Oban Mining Corporation

Oban Mining Corporation

June 25, 2015 18:56 ET

Oban Announces Results of Annual Meeting of Shareholders

TORONTO, ONTARIO--(Marketwired - June 25, 2015) - Oban Mining Corporation (TSX:OBM) (the "Company") is pleased to announce the results of its annual meeting of shareholders (the "Meeting") held on June 25, 2015.

A total of 64,088,102 common shares were represented at the Meeting and all matters presented for approval at the Meeting were duly authorized and approved, as follows:

  1. election of all management nominees to the board of directors of the Company;

  2. appointment of KPMG LLP as auditors of the Company for the ensuing year and authorization of the directors to fix their remuneration; and

  3. approval of the stock option plan of the Company and all unallocated rights, options and other entitlements thereunder.

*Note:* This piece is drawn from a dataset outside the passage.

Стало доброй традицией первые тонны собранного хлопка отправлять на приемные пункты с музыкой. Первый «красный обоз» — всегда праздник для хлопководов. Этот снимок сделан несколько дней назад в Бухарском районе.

Detailed voting results regarding the election of directors are as follows:

Name Shares Voted For % Voted For Shares Withheld % Withheld
Jose Vizquerra Benavides 62,816,685 (100.0%) Nil (0.00%)
John Burzynski 62,816,685 (100.0%) Nil (0.00%)
Patrick Anderson 62,816,685 (100.0%) Nil (0.00%)
Keith McKay 62,816,685 (100.0%) Nil (0.00%)
Bernardo Calderon 62,806,048 (99.98%) 10,637 (0.02%)
Robert Wares 62,816,685 (100.0%) Nil (0.00%)

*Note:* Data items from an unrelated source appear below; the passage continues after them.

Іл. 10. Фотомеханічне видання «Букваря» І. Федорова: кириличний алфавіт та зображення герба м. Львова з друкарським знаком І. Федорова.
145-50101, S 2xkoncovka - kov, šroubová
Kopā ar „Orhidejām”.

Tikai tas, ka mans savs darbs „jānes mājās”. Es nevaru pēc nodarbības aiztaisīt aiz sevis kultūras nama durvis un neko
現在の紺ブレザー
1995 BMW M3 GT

Further details on the above matters, including the report of voting results thereon, are set forth in the Company's Meeting materials accessible under the Company's issuer profile on SEDAR at www.sedar.com.

About Oban Mining Corporation

Oban Mining Corporation is a mineral exploration company focused on the acquisition, exploration, and development of precious metal resource properties in Canada. The Company holds an option to acquire from Northstar Gold Corp. up to a 70% interest in the Miller Project in northern Ontario pursuant to an option agreement with Northstar Gold Corp. The Company also holds options with other third parties to acquire a 100% undivided interest in the Côté Property, the Golden Dawn Project, the Hunter Property and other properties in the vicinity. The Company has additionally acquired a 100% interest in the Roach Property in northern Ontario and has a 100% undivided interest in a large area of claims in the Urban Barry area of Quebec. The Company is well financed with over $10M in cash.

On June 9, 2015, the Company announced the entering into of binding letter agreements providing for the launching of supported share exchange take-over bids with each of with each of Eagle Hill Exploration Corporation, Ryan Gold Corp., Corona Gold Corporation and Temex Resources Corp. The Company has the option to revise the transaction structure for each bid and proceed by way of plan of arrangement should it conclude that is necessary or desirable. Completion of the transactions is subject to Toronto Stock Exchange approval. The combination of these five companies will create a leading Canadian focused gold exploration and development company.

Cautionary Note Regarding Forward-Looking Information

This news release contains "forward-looking information" within the meaning of the applicable Canadian securities legislation that is based on expectations, estimates and projections as at the date of this news release. The information in this news release about the completion of the business combinations described herein, and other forward-looking information includes but is not limited to information concerning: the intentions, plans and future actions of the companies participating in the transactions described herein (collectively the "Participating Companies") and other information that is not historical facts.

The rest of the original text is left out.